Quinn knew they were trying to assure her that everything would be fine. Instead she didn’t feel it would, rather it felt like she would never be able to sleep right again. “Know that,” she muttered again, but didn’t look so convinced.
Wren smiled wistfully at the singing heart comment, and she leaned forward and kissed Quinn’s forehead again. “I’ll bring you a card. I think if you write that on it, it’ll be the best present you could give him.” She thought she’d like to get a card that said that, and that made her assume Luke would, too. She squeezed Quinn’s fingers softly, knowing her friend hadn’t believed her about the Night Terror. She’d check with Oracle once she went home. She squeezed Quinn’s fingers once more, and then she let go and looked down at her again, expression more than a little worried. “I’ll be back with the card?” she asked.
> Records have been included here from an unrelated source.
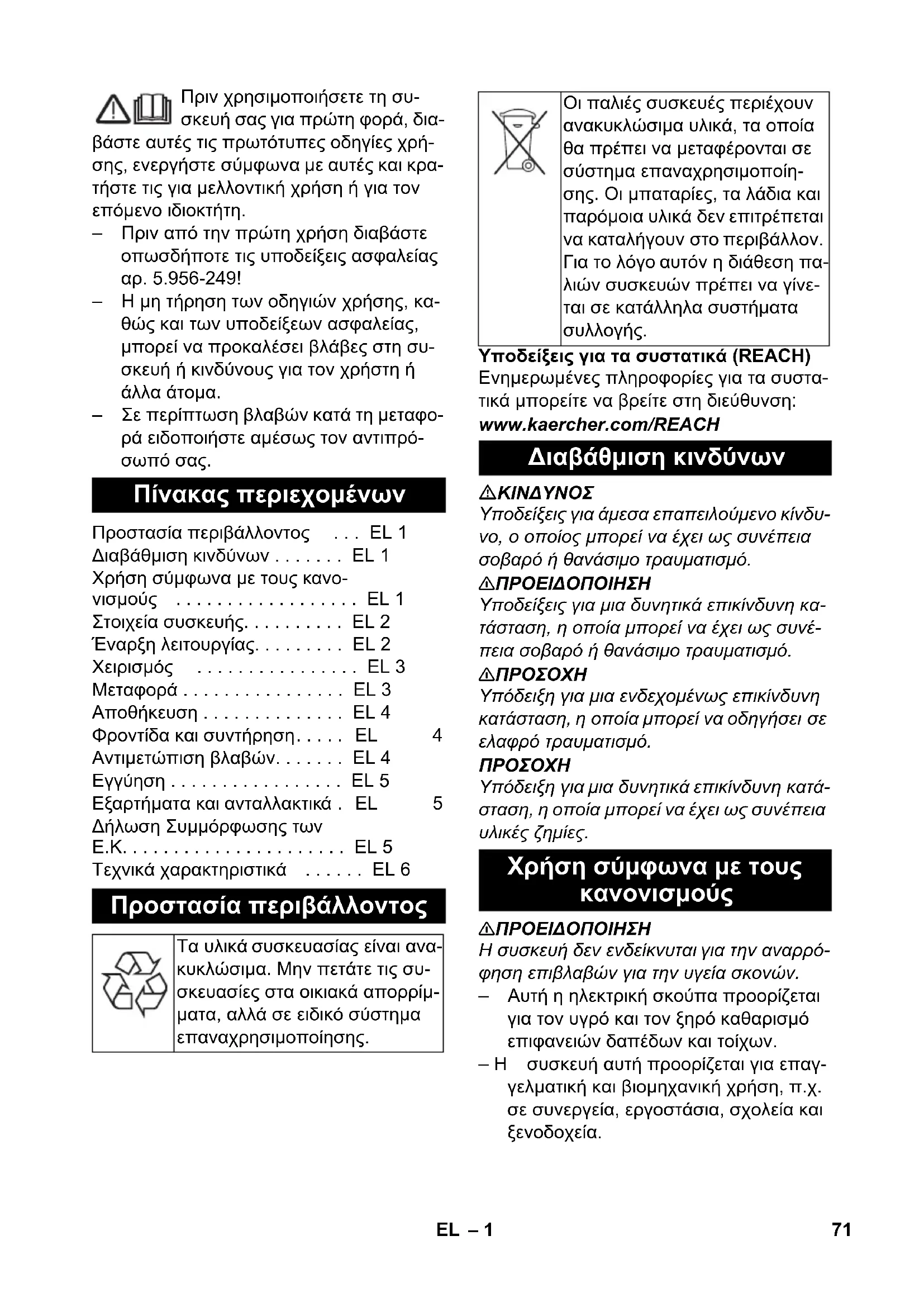 Υποδείξεις για τα συστατικά (REACH) Ενημερωμένες πληροφορίες για τα συστα- τικά μπορείτε να βρείτε στη διεύθυνση: www.kaercher.com/REACH
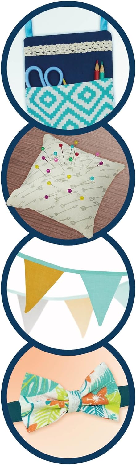 - Lerne 4 trendige Projekte zu nähen: Wimpelgirlande, besticktes Kissen, Fliege und Wandtasche!
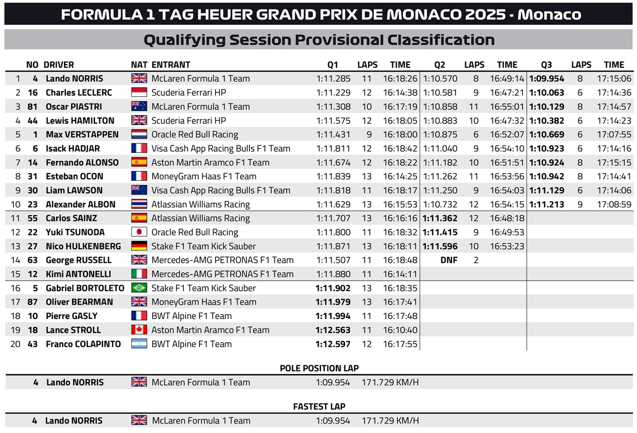 DOC 34 – Provisional Qualifying Classification https://t.co/nVLPv627jK #MonacoGP #F1 #FIA pic.twitter.com/41wmV1TW3J
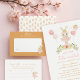 Esta design faz parte da coleção de chás de fraldas "Ballerina". Apresenta um belo papel de papelaria com coelhos de aquarela vestidos de bailarinas. Os principais convites da coleção têm o trocadilho engraçado "Somos Tutu Animados". Perfeito para comemorações de chá de fraldas feminino. Qualquer elemento ouro e brilho será impresso com tinta regular, não com folha metálica real. Pronto para personalizá-lo com os detalhes do evento, basta clicar no botão personalizar acima e adicionar as informações da sua mãe + da festa!
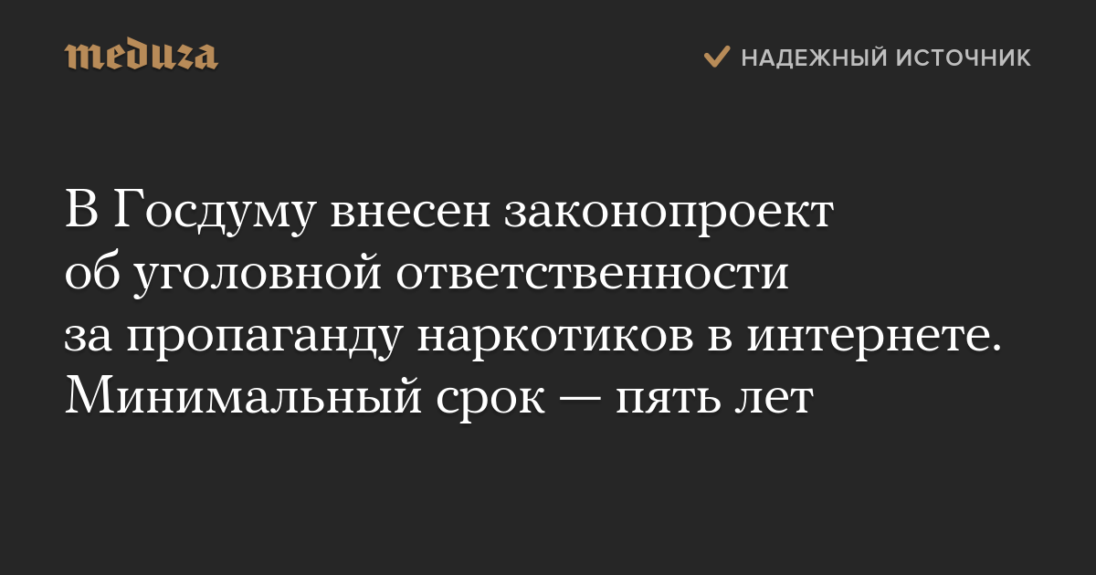 В Госдуму внесен законопроект об уголовной ответственности за пропаганду наркотиков в интернете. Минимальный срок — пять лет
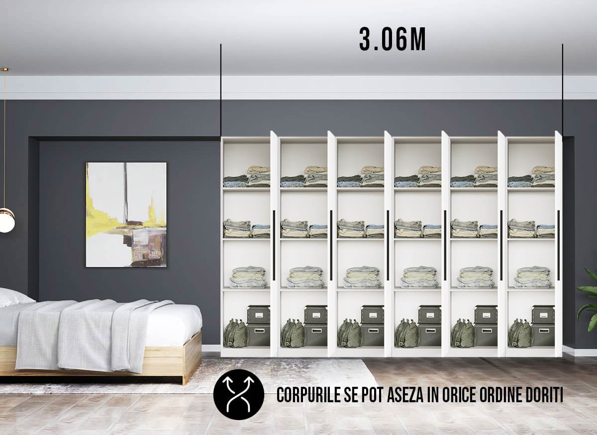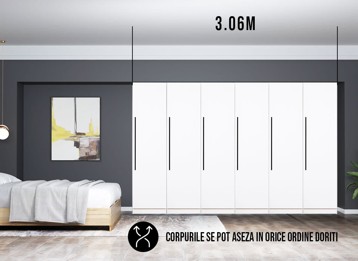 Dressing 3.06m / Dulap Dormitor Timea din familia Timea au aparut in urma emisiunii Visuri la Cheie de pe PRO TV in care Mobila Laguna a fost partener in 2019. Dulapul / Dressingul din acest set a primit un numar mare de solicitari din partea telespectatorilor si de aici a pornit crearea unui dormitor complet cu dressing modular ce poate ajunge chiar si pana la 5m.  Vedeti poza dulapului din cadrul emisiunii – Click aici . Acestea sunt construite din  PAL Kronospan melaminat cu finisaj Stejar Auriu, care creeaza un ambient placut. Cantul aplicat este unul de 0,6 care le permite  muchiilor sa fie plăcute la atingere  fiind finisate si atent retusate. Livrare Gratuita prin flota proprie Suntem producatori de mobilier Toate corpurile au o garantie de 2 ani Video de prezentare familie Videoul de prezentare poate contine mai multe corpuri de mobilier sau mai putine in comparatie cu produsul de pe aceasta pagina. Scopul acestui video este de a detalia aspectul materialelor, accesoriilor cat si a familiei din care face parte. Dressing 3.06m / Dulap Dormitor Timea Dulapul este compartimentat cu 6 corpuri dulap 0.51 m ce au in total 24 etajere cu 6 usi mari Este spatios iar dimensiunile sunt gandite cat sa incapa si in camere mai putin inalte sau mansarde. Se pot pune atat obiecte decorative cat si haine. Latime: 306 cm Adâncime: 53 cm Înălțime: 199 cm Combinatia intre alb si manerele negre usor lucioase creaza un echilibru placut in orice dormitor. Dressing 3.06m / Dulap Dormitor Timea Schita de Montaj Dulap 1 Usa Timea Pretul afisat nu include alte accesorii sau obiecte de decor (tablouri, elemente de iluminat, asternuturi, covor etc.) Produsul se livreaza demontat si este insotit de accesorii si instructiuni de asamblare. Dimensiunile sunt exprimate in cm si pot oscila intre ± 10 mm.
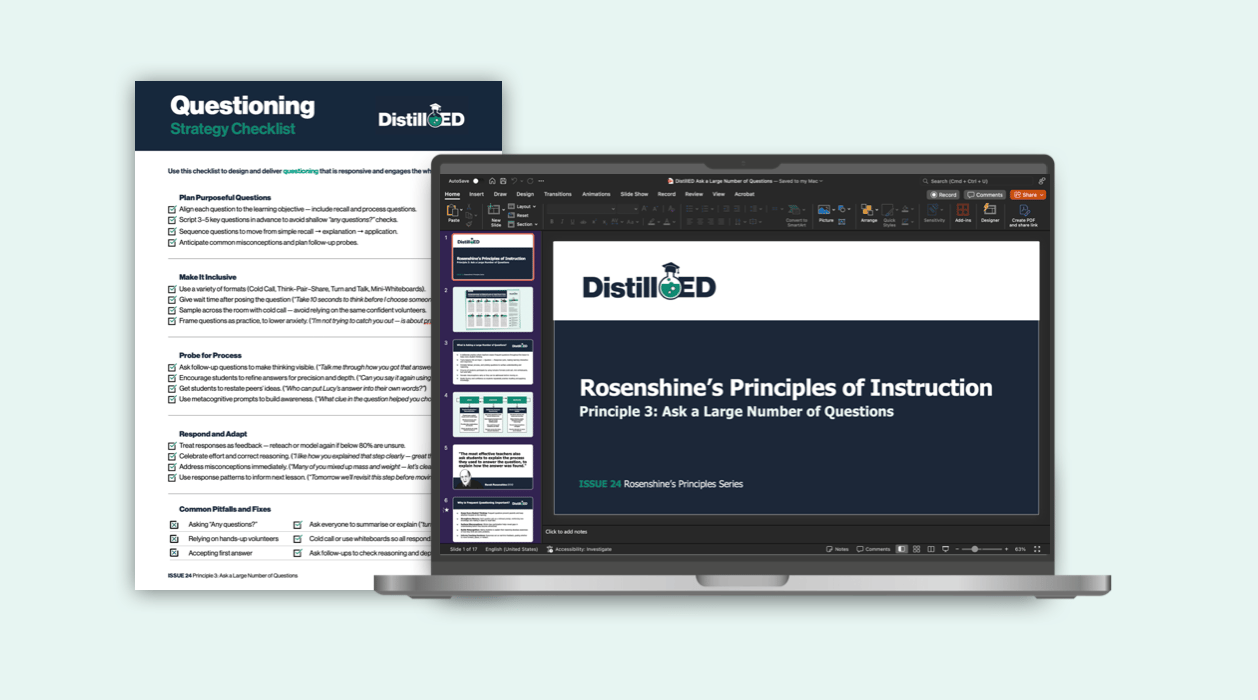 In this edition of ⚗️DistillED, we dive into Asking a Large Number of Questions—Rosenshine’s third Principle of Instruction. Questioning is the heartbeat of great teaching: it keeps every student thinking, provides practice with new material, and gives you instant feedback on whether to move on or pause and reteach.
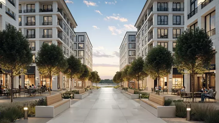 Парк-квартал. Запроектирован около границ нового парка, с коллекционными домами и ресторанной улицей.
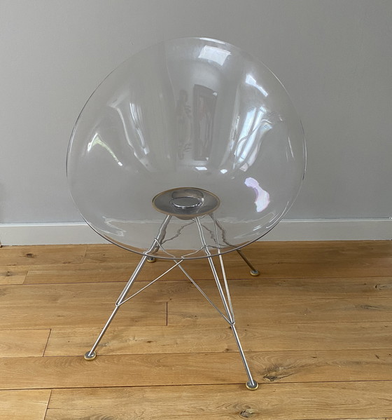 Ontworpen door Philippe Starck voor Kartell. Transparante kuipstoel op metalen onderstel.
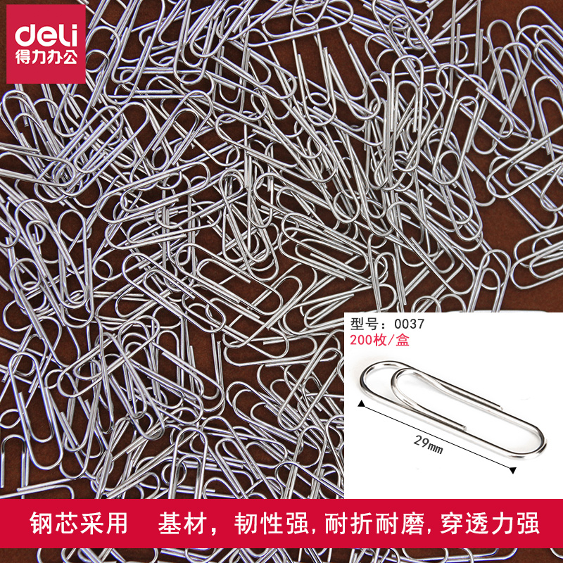 DELI silver metal paper clip 0018 3#paper clip 29MM Financial supplies 1000 pieces large capacity

Quinn ducked her head a little when Wren kissed her forehead, smiling sheepishly at her friend. Talking about these sort of things at least helped take her mind off of the worry of what would be beyond the hospital doors. Here, at least, she could recover and pretend like she will be fine when Wren was here. “You get card. And help me write?” She asked hopefully, “My writing’s bad. Yours is pretty.”
“Oui,” Wren promised, glancing up when a nurse walked into the room, then looking down at Quinn again. She gave Quinn’s hand one last squeeze, linger-soft, and then she backed away, watching her friend as the nurse neared the bed, and then almost running from the room and breaking down in the hallway.